It is known to produce fluorinated compounds, such as hydrofluorocarbons, by fluorination of chlorinated compounds, such as hydrochlorocarbons. This fluorination is generally a catalytic fluorination using hydrofluoric acid (HF) as fluorinating agent. During this type of reaction, hydrochloric acid (HCl) is coproduced. In practice, it is furthermore not always possible or desirable to react all of the HF involved. The latter is then re-encountered in the form of an impurity associated with the hydrochloric acid. Other reactions for the synthesis of fluorinated compounds also result in the coproduction of HCl contaminated by a small amount of HF. Such is in particular the case of the manufacture of vinylidene fluoride by pyrolysis of 1-chloro-1,1-difluoroethane.
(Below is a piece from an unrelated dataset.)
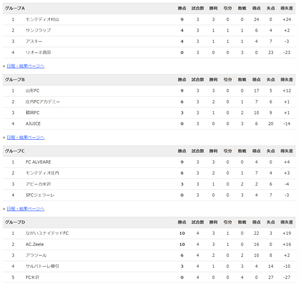 B:山形FC、庄内FC、鶴岡FC、AJUICE

Insofar as hydrochloric acid cannot be discharged to the environment, techniques have been provided to recover it in value. It is thus known to separate the HCl from the other gases produced (including the fluorinated compounds of interest) by adiabatic absorption in order to generate an HCl solution of commercial type and to recover, at the top, the crude gases to be treated. However, in the case where hydrochloric acid is coproduced in a pyrolysis process, it has been observed that the pyrolysis could result in the formation of tars liable to foul the adiabatic column. In addition, the HCl solution thus obtained is contaminated not only by small amounts of hydrofluoric acid (HF) but also by organic pyrolysis residues and organo-halogen compounds which constitute byproducts of the pyrolysis. This HCl solution is thus not sufficiently pure for the majority of applications.
Processes have been provided for improving the purity of an HCl solution contaminated by HF and optionally halogenated organic compounds.
Thus, the document FR 1 507 252 describes a process targeted at separating hydrofluoric acid mixed with HCl, which consists in passing this gaseous mixture into a continuous countercurrentwise washing device comprising a plate column, the washing being carried out using a concentrated aqueous hydrochloric acid solution at low temperature which is capable of absorbing the hydrofluoric acid. There are obtained, at the outlet of this column, an aqueous solution of hydrochloric acid and hydrofluoric acid, and also gaseous hydrochloric acid, depleted in HF with respect to the starting hydrochloric acid. However, in order to obtain hydrochloric acid virtually devoid of HF, it is necessary to pass the crude gas mixture over active carbon in the presence of water, upstream of the acid washing stage. It is understood that this process is thus not applicable to a crude gas mixture including a fluorinated gas of interest, which would then be trapped in the active carbon.
Furthermore, it has been suggested, in the document WO 2015/079137, that the hydrochloric acid coproduced in a catalytic fluorination process could be purified following a process involving a stage of catalytic hydrolysis of the fluorinated/oxygenated compounds present in the crude gas stream, followed by a stage of washing with an acid solution, then by a stage of adsorption of the gases on an active carbon bed and, finally, by a stage of adiabatic adsorption, making it possible to obtain an aqueous hydrochloric acid solution. This solution can optionally be subsequently purified over silica gel. This process necessarily incorporates a preliminary stage of distillation of the crude gases in order to prevent the fluorinated product of interest from being trapped in the active carbon bed employed in the catalytic hydrolysis stage. It would thus be desirable to have available a process which is not more complex than that described in the application WO 2015/079137 but which makes it possible to directly treat the crude gas stream resulting from the catalytic reaction, without it being necessary to subject it to a prior distillation.